◆ Exercise details ◆
Although the data holds pictures, return only the lines from the one containing "Construction and Appearance." to the end, exactly, and without them.

◆ Data for this task ◆
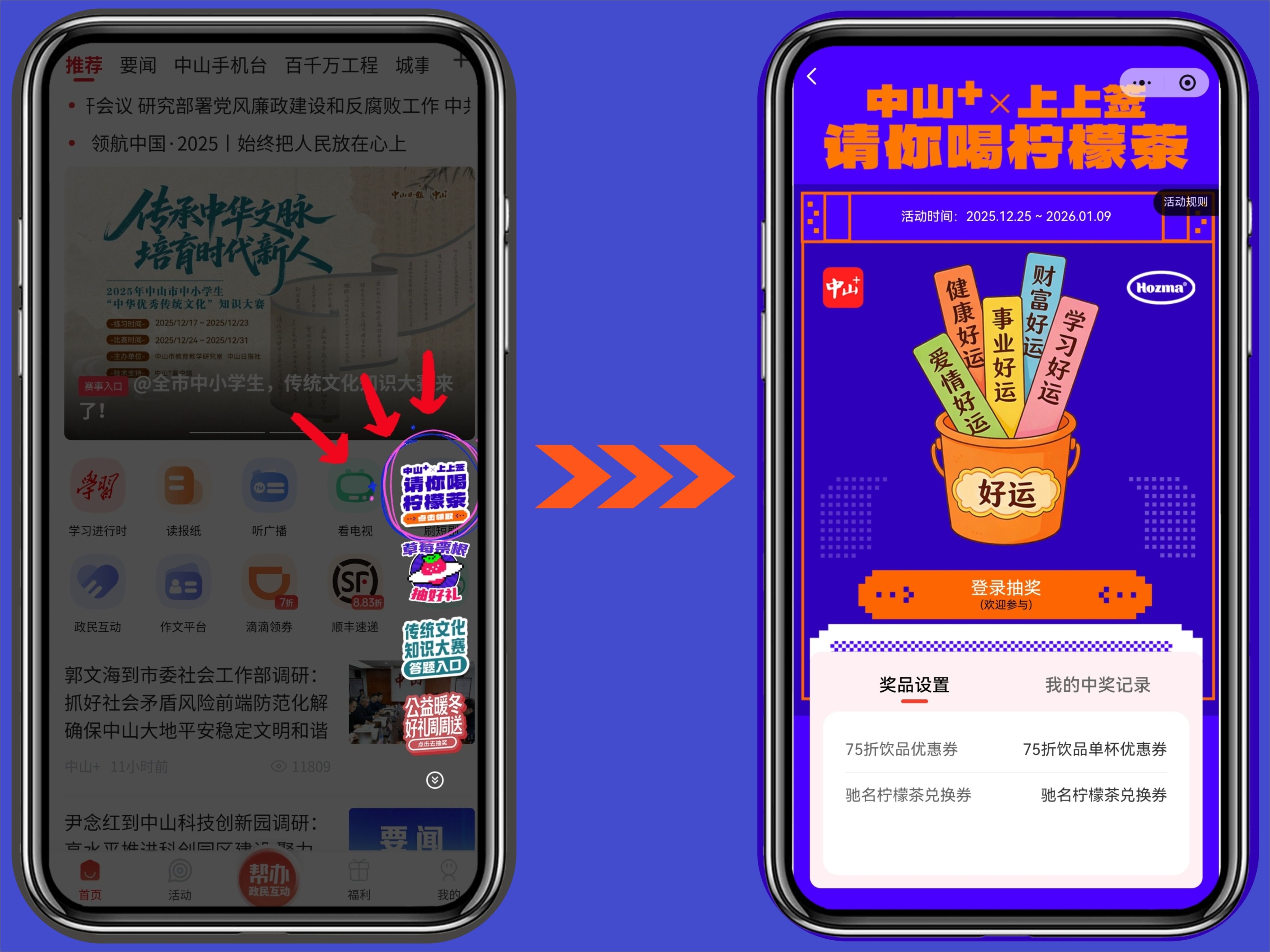 2.打开“中山+”客户端,在首页点击“请你喝柠檬茶”浮标进入活动页面,选择具体的店铺去抽奖。
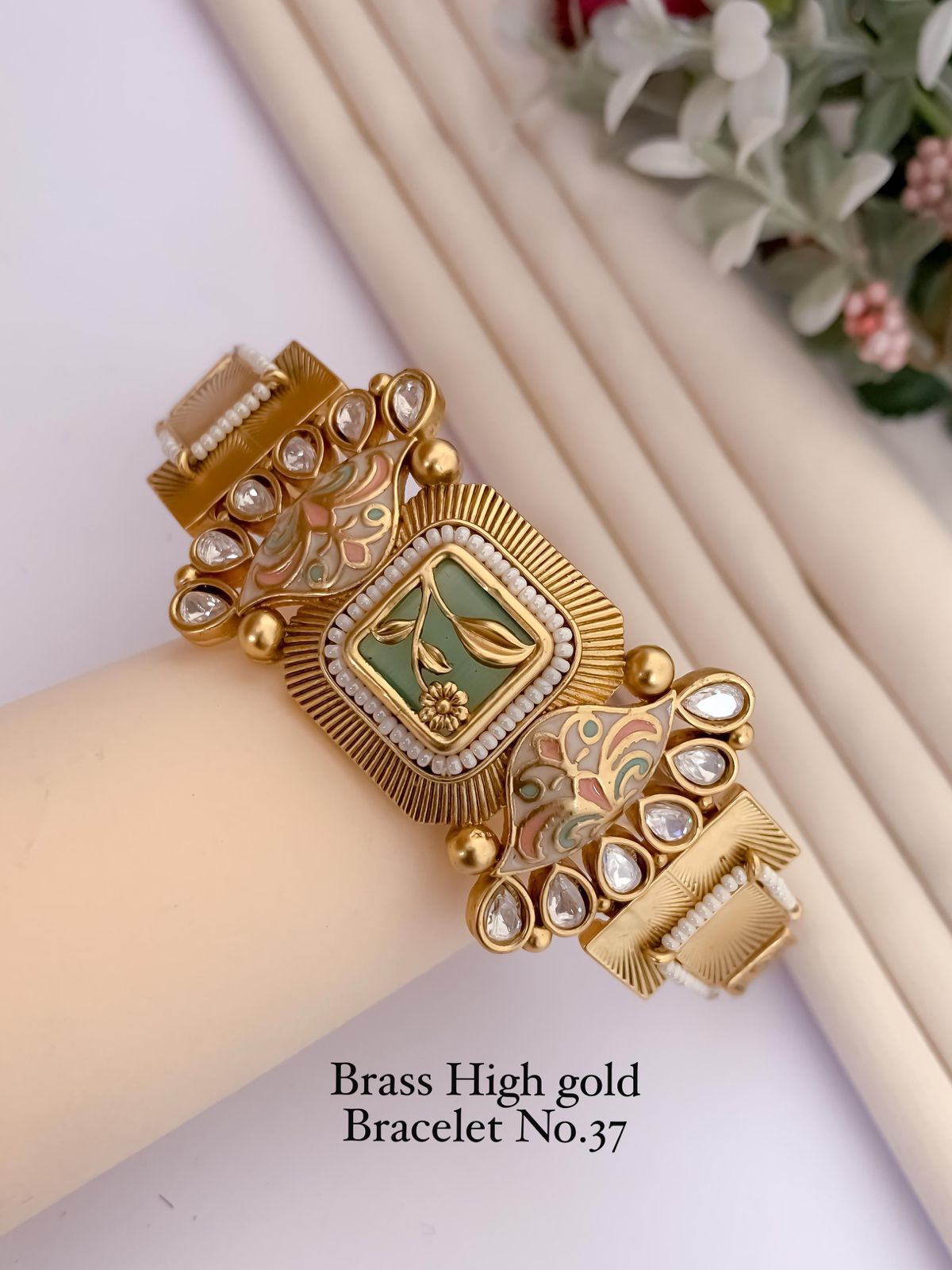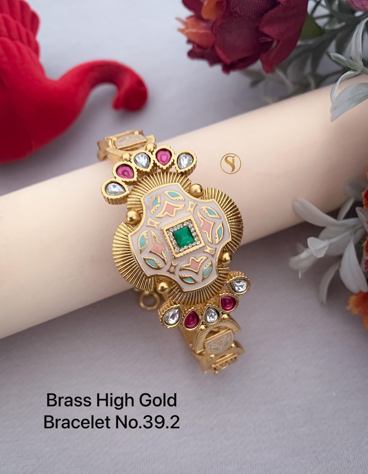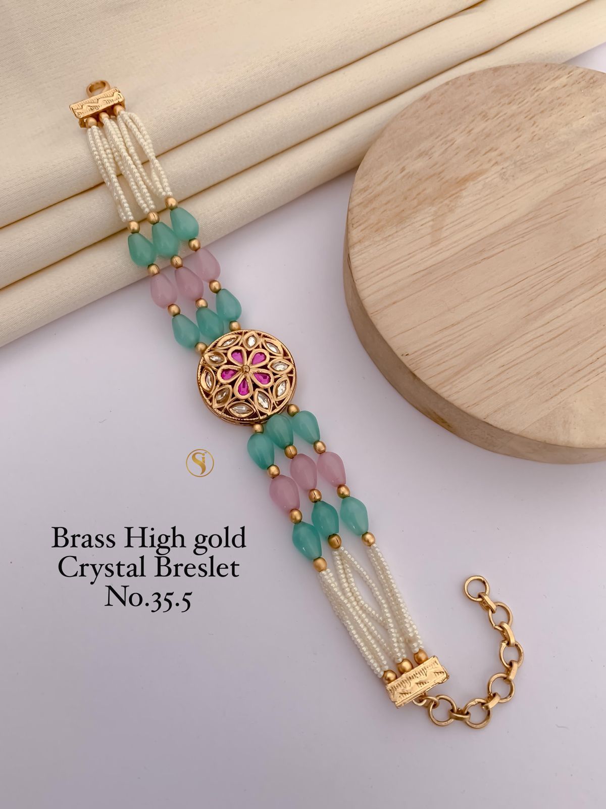 Add a touch of sophistication to your wrist with this elegant Brass High Gold Crystal Bracelet. Perfect for traditional and modern outfits, this piece blends timeless charm with contemporary finesse.
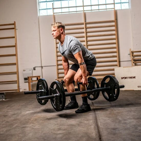 Ob zur Verbesserung der Körperhaltung im Alltag, zum Ober- und Unterkörpertraining oder zur Steigerung der Griffkraft – der Farmers Walk sollte in keiner Trainingseinheit fehlen. Sie bauen Muskeln auf und kurbeln Ihre Fettverbrennung an. Mit der Sport-Thieme Farmers Walk Bar 50 mm versuchen Sie nun, durch kleine, kontrollierte Schritte sich so schnell und so weit wie möglich zu bewegen. Sie können dabei die Bar mit Gewichtsscheiben je nach Leistungsstand bestücken. Versuchen nun eine gewisse Distanz zu schaffen oder auf Zeit zu trainieren. Wird das Fitness-Training zu leicht, lässt sich die Bar ideal mit weiteren Gewichtsscheiben bestücken. Aber nicht nur Profisportler profitieren von dem Trainingsgerät. Auch im Alltag profitieren Sie von dieser Übung, denn einen schweren Einkauf in die Wohnung tragen oder Umzugskisten zu schleppen, sind kein Problem mehr.
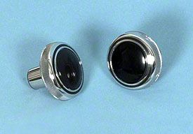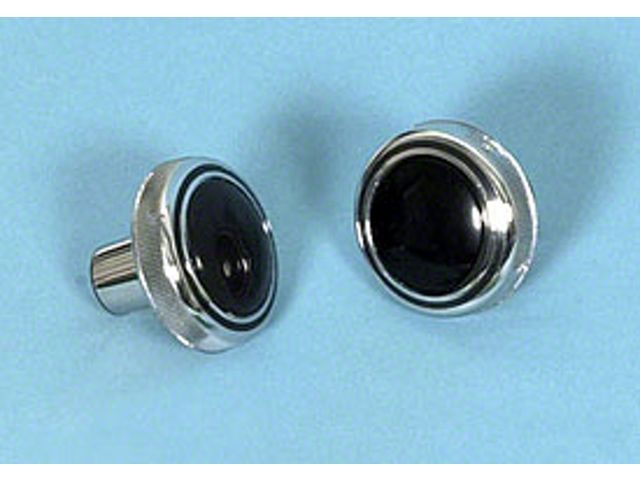 Construction and Appearance. Featuring a polished chrome and glossy black finish, these knobs are crafted to meet OE standards, delivering durability and a factory-correct look. Their high-quality construction ensures a comfortable grip and reliable performance for both volume and tuning adjustments.
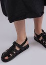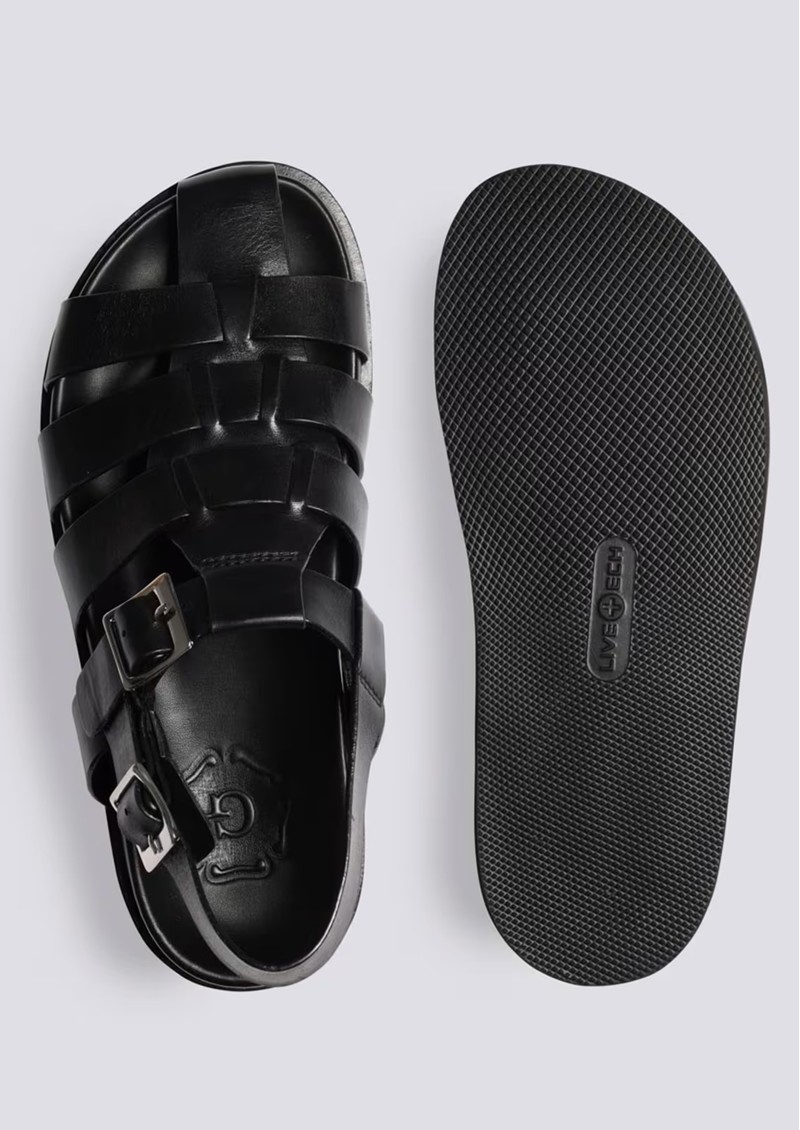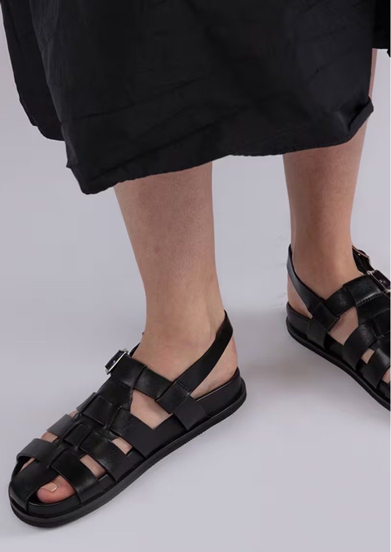 These sandals are crafted from a black calf leather we advise using a black cream or natural cream and buff up with a soft cloth for best results. This style isn't availale to be resoled due to the construction

◆ Task solution ◆
 Construction and Appearance. Featuring a polished chrome and glossy black finish, these knobs are crafted to meet OE standards, delivering durability and a factory-correct look. Their high-quality construction ensures a comfortable grip and reliable performance for both volume and tuning adjustments.
 These sandals are crafted from a black calf leather we advise using a black cream or natural cream and buff up with a soft cloth for best results. This style isn't availale to be resoled due to the construction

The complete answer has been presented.